Patrick made his famous garlic/parmesan cheese potatoes. That's a requested dish by the kids. My Mom made Red Beans and Rice, a classic Haitian dish - my Mom makes it the best. And, I made these crunchy green beans, lightly sautéed with shallots and garlic, and also some collard greens (braised with smoked turkey legs, onions, and garlic). But, Gail took the prize for my favorite side dishes: Her delectable Baked Sweet Potatoes and homemade Cranberry-Orange relish. The sweet potatoes were one of the best sweet potatoes I've ever had. Gail also made this wonderful fresh sweet and tart cranberry relish, combined with zesty orange. Cranberry sauce has always been my least favorite side dish for Thanksgiving. But, this year, I actually had seconds. I absolutely loved it!

The Desserts . . . .

Some people may say that the best part of Thanksgiving is all the dessert and special treats that you get to enjoy for Thanksgiving. For our meal, Nadine and Gail made three delicious desserts: A decadent Cheesecake, a homemade Pumpkin Pie, and a warm Apple Cobbler.

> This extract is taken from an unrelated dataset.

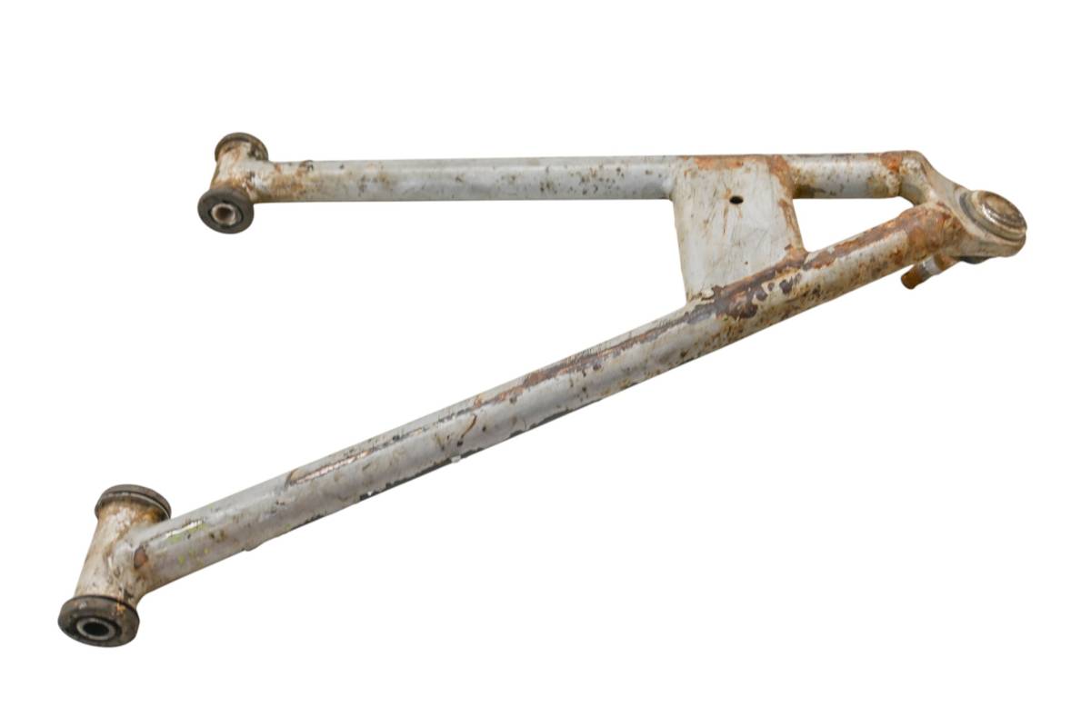 A-Arm is straight and in good condition. Finish has light wear. Bushings are good. Comes as pictured. Was removed from a 2008 Polaris Outlaw 525 S.

We enjoyed all three of the desserts, which were a great combination. But, if you like apple pie - or apple cobbler - the Apple Cobbler was simply delicious. The dough was flaky and crispy, and beautiful in color - inviting you to dig in. When you take your first bite, the inside filling was warm, sweet, tangy, and just excellent. You couldn't help but go for a second, and a third bite.

The Wine. . . .

For me, no celebration is complete without a special bottle of wine. For this Thanksgiving, we had an amazing red wine blend (Cabernet Franc and Merlot) from the extraordinary winemaker and proprietor Daniel Daou (DAOU Winery, in Paso Robles, CA).  We visited the winery a couple of summers ago on our way back from Pismo Beach, based on a recommendation by a waiter at a restaurant in Paso Robles. First of all, the vineyards are breathtaking, and the winery is beautiful, warm and inviting. I met Daniel - the owner - during the visit. I learned that he had visited Haiti, and he actually spoke Creole (my native language). It was so awesome to talk to him in Creole, learn about his amazing journey to winemaking, and his passion for wine. I bought a Magnum bottle of one of his signature wines, the Seventeen-Forty.  This wine - paired with all the wonderful flavors of our Thanksgiving feast - was the icing on the icing on the cake! http://www.daouvineyards.com/

The Decorations. . . . .

Another thing I love about hosting holiday parties (like Thanksgiving and Christmas) are the decorations and the dinner settings. I love this part also because my daughter always participates in the decorations - especially doing the place cards.

I hope you and your family had a wonderful Thanksgiving. And, if you're on the road this year, here's wishing you a safe return home.

And, cheers to Nadine and Gail, and to my family!